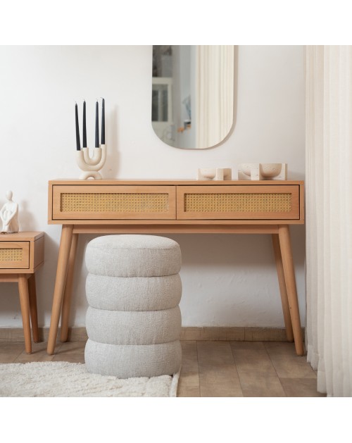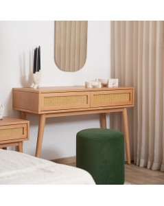 Une coiffeuse qui allie élégance et fonctionnalité, où chaque détail est pensé avec soin. Son design raffiné mêle harmonieusement le cannage, le bois de chêne et le bois de hêtre pour créer une pièce à la fois tendance et intemporelle. Un meuble pensé pour sublimer votre espace tout en vous offrant un moment de bien-être au quotidien.
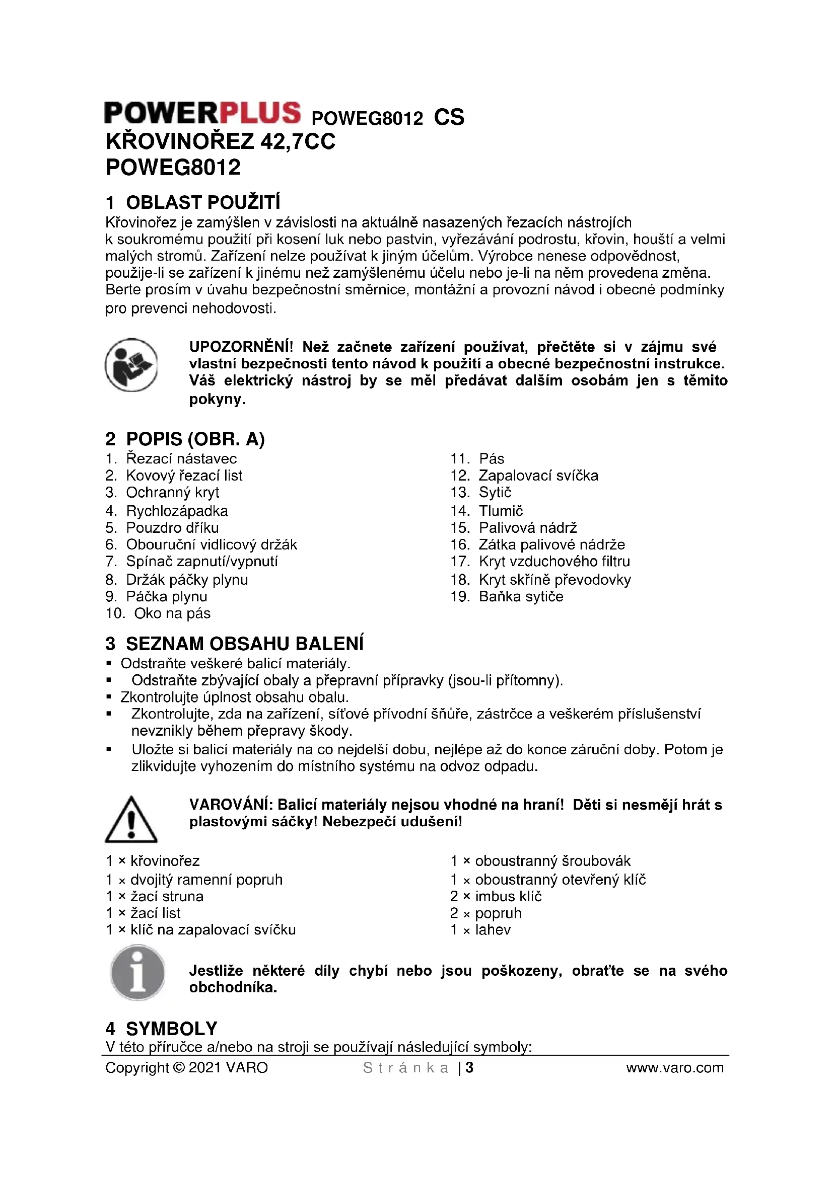 - Uložte si balicí materiály na co nejdelší dobu, nejlépe až do konce záruční doby. Potom je zlikvidujte vyhozením do místního systému na odvoz odpadu. VAROVÁNÍ: Balicí materiály nejsou vhodné na hraní! Děti si nesmějí hrát s plastovými sáčky! Nebezpečí udušení! 1 × křovinořez 1 × dvojitý ramenní popruh 1 × žací struna 1 × žací list 1 × klíč na zapalovací svíčku 1 × oboustranný šroubovák 1 × oboustranný otevřený klíč 2 × imbus klíč 2 × popruh 1 × lahev Jestliže některé díly chybí nebo jsou poškozeny, obraťte se na svého obchodníka. 4 SYMBOLY V této příručce a/nebo na stroji se používají následující symboly:POWEG8012 CS Copyright © 2021 VARO S t r á n k a | 4 www.varo.com
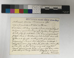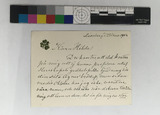 Kort med meddelande 25/3 1902 till Hilda Lundström, född Prytz (jfr 1. ovan), från författarinnan och målarinnan Emily Nonnen (22/2 1812 - 14/1 1905) på Liseberg att hon ej kan komma närvara vid Hilda L:s dotter Agnes bröllop.
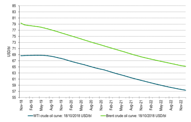 Contango in the WTI curve. Weaker Brent crude curve structure as WTI curve weakness is rubbing off on the Brent curve structure through spread trades
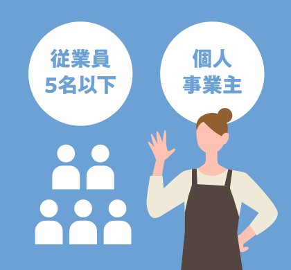 従業員数が5名以下の会社・個人事業主の方。または同じ条件で開業予定の方。

### What the task requires
Nothing but the lines from the one holding "Kort med meddelande" through the last line of the listing should appear in the answer, copied exactly and without pictures.

### Written solution
 Kort med meddelande 25/3 1902 till Hilda Lundström, född Prytz (jfr 1. ovan), från författarinnan och målarinnan Emily Nonnen (22/2 1812 - 14/1 1905) på Liseberg att hon ej kan komma närvara vid Hilda L:s dotter Agnes bröllop.
 Contango in the WTI curve. Weaker Brent crude curve structure as WTI curve weakness is rubbing off on the Brent curve structure through spread trades
 従業員数が5名以下の会社・個人事業主の方。または同じ条件で開業予定の方。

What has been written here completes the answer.